RECORDS PROVIDED:
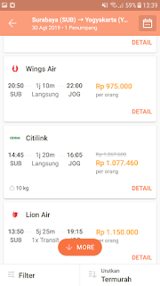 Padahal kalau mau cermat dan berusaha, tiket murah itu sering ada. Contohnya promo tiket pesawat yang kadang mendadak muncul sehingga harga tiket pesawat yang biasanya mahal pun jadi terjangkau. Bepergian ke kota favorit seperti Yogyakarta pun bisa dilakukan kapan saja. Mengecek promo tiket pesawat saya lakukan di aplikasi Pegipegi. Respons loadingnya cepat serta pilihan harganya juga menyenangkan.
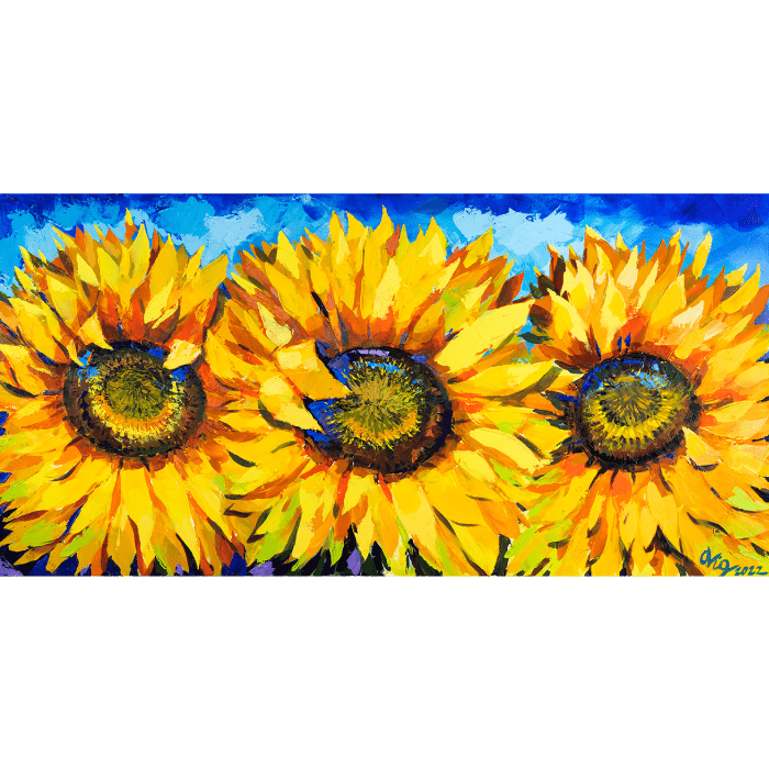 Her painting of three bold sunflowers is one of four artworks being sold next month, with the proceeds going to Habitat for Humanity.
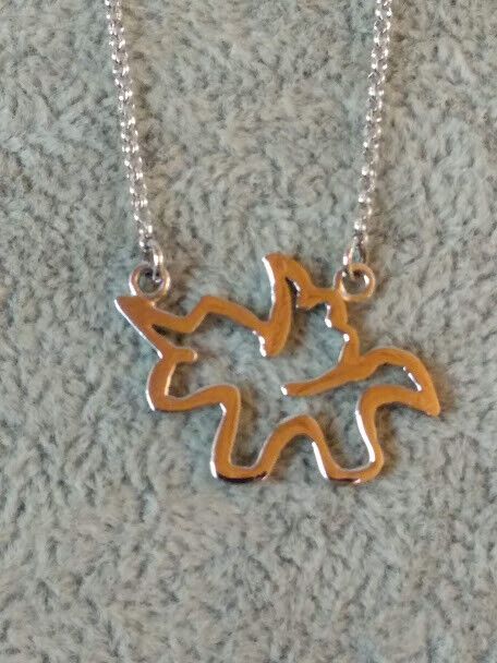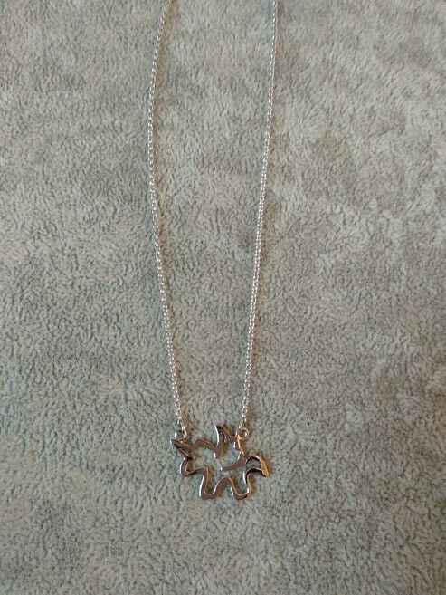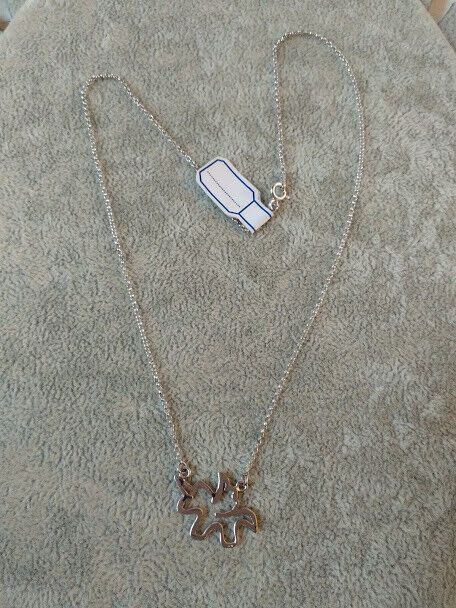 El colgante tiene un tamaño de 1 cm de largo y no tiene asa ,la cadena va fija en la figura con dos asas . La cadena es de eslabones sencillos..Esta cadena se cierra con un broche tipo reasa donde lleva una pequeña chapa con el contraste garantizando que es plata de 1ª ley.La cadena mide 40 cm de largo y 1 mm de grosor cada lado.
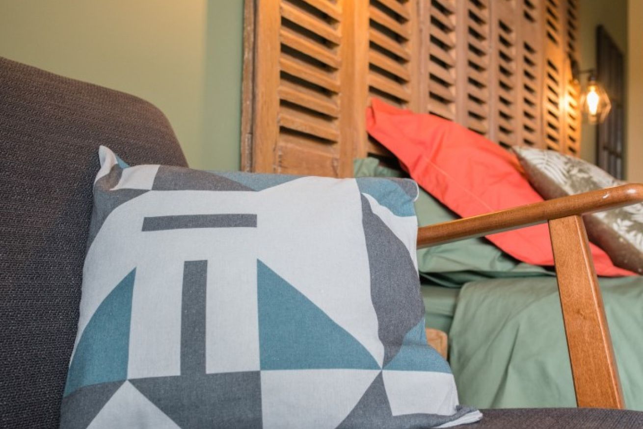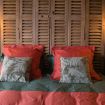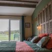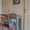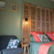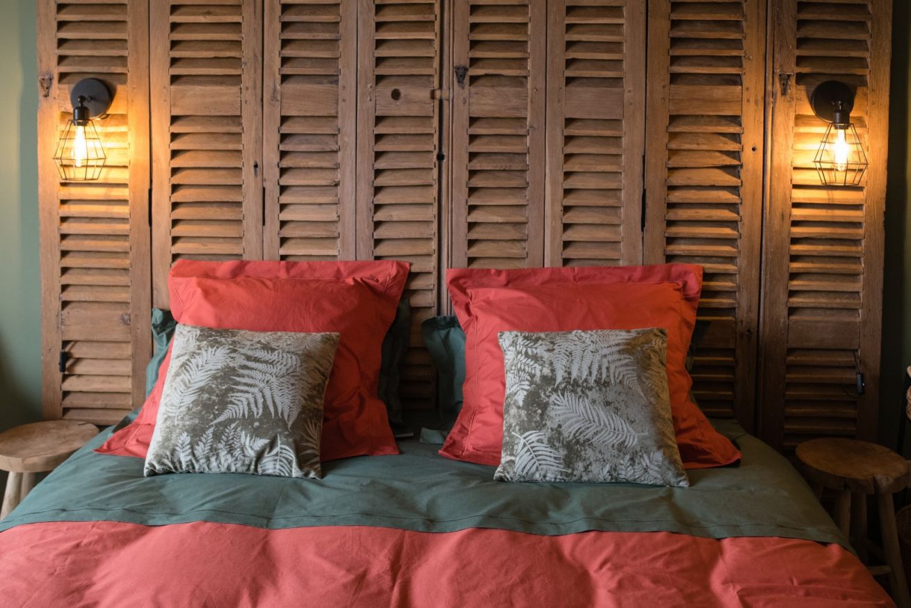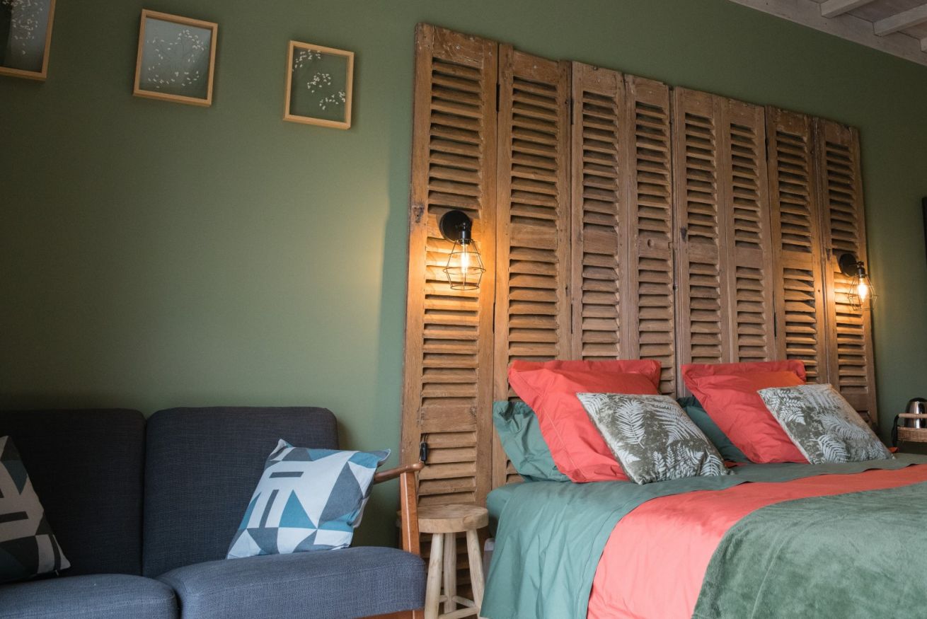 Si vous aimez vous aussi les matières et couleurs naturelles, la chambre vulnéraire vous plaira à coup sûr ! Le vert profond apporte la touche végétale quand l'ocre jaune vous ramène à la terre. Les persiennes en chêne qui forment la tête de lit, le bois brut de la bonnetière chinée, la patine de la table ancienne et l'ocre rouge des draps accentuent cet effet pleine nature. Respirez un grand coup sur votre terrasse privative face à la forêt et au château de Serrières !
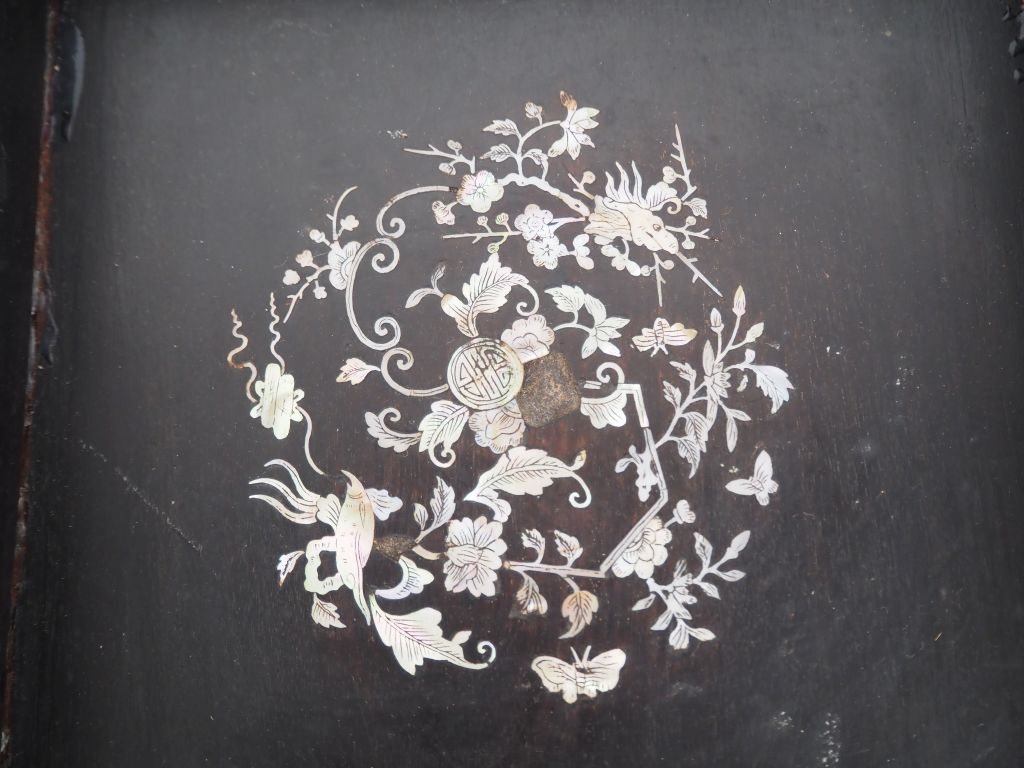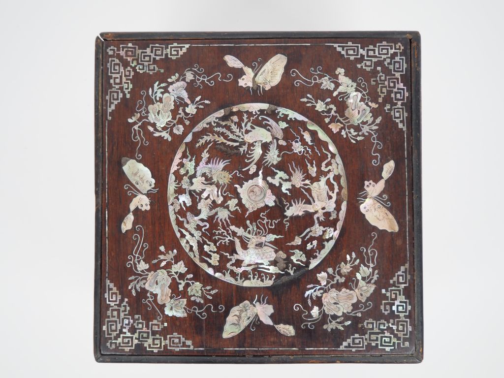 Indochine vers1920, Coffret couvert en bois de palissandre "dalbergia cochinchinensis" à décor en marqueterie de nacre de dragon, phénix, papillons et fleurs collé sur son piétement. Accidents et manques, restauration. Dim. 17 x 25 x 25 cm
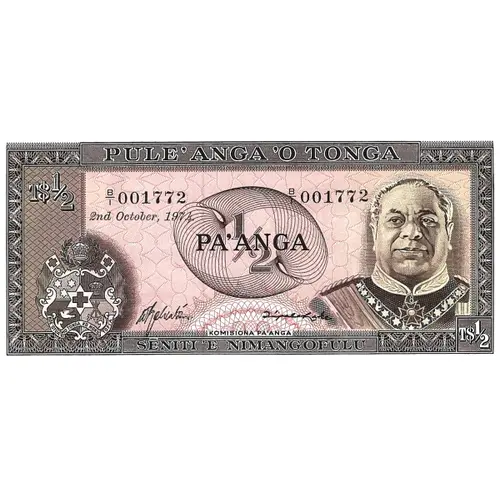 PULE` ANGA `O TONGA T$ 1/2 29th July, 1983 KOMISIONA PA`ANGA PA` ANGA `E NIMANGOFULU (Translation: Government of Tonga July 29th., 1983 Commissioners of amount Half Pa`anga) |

TASK ITEM:
Every record above should be transcribed exactly; the pictures stay out of the copy.

ANSWER TO THIS EXERCISE:
 Padahal kalau mau cermat dan berusaha, tiket murah itu sering ada. Contohnya promo tiket pesawat yang kadang mendadak muncul sehingga harga tiket pesawat yang biasanya mahal pun jadi terjangkau. Bepergian ke kota favorit seperti Yogyakarta pun bisa dilakukan kapan saja. Mengecek promo tiket pesawat saya lakukan di aplikasi Pegipegi. Respons loadingnya cepat serta pilihan harganya juga menyenangkan.
 Her painting of three bold sunflowers is one of four artworks being sold next month, with the proceeds going to Habitat for Humanity.
 El colgante tiene un tamaño de 1 cm de largo y no tiene asa ,la cadena va fija en la figura con dos asas . La cadena es de eslabones sencillos..Esta cadena se cierra con un broche tipo reasa donde lleva una pequeña chapa con el contraste garantizando que es plata de 1ª ley.La cadena mide 40 cm de largo y 1 mm de grosor cada lado.
 Si vous aimez vous aussi les matières et couleurs naturelles, la chambre vulnéraire vous plaira à coup sûr ! Le vert profond apporte la touche végétale quand l'ocre jaune vous ramène à la terre. Les persiennes en chêne qui forment la tête de lit, le bois brut de la bonnetière chinée, la patine de la table ancienne et l'ocre rouge des draps accentuent cet effet pleine nature. Respirez un grand coup sur votre terrasse privative face à la forêt et au château de Serrières !
 Indochine vers1920, Coffret couvert en bois de palissandre "dalbergia cochinchinensis" à décor en marqueterie de nacre de dragon, phénix, papillons et fleurs collé sur son piétement. Accidents et manques, restauration. Dim. 17 x 25 x 25 cm
 PULE` ANGA `O TONGA T$ 1/2 29th July, 1983 KOMISIONA PA`ANGA PA` ANGA `E NIMANGOFULU (Translation: Government of Tonga July 29th., 1983 Commissioners of amount Half Pa`anga) |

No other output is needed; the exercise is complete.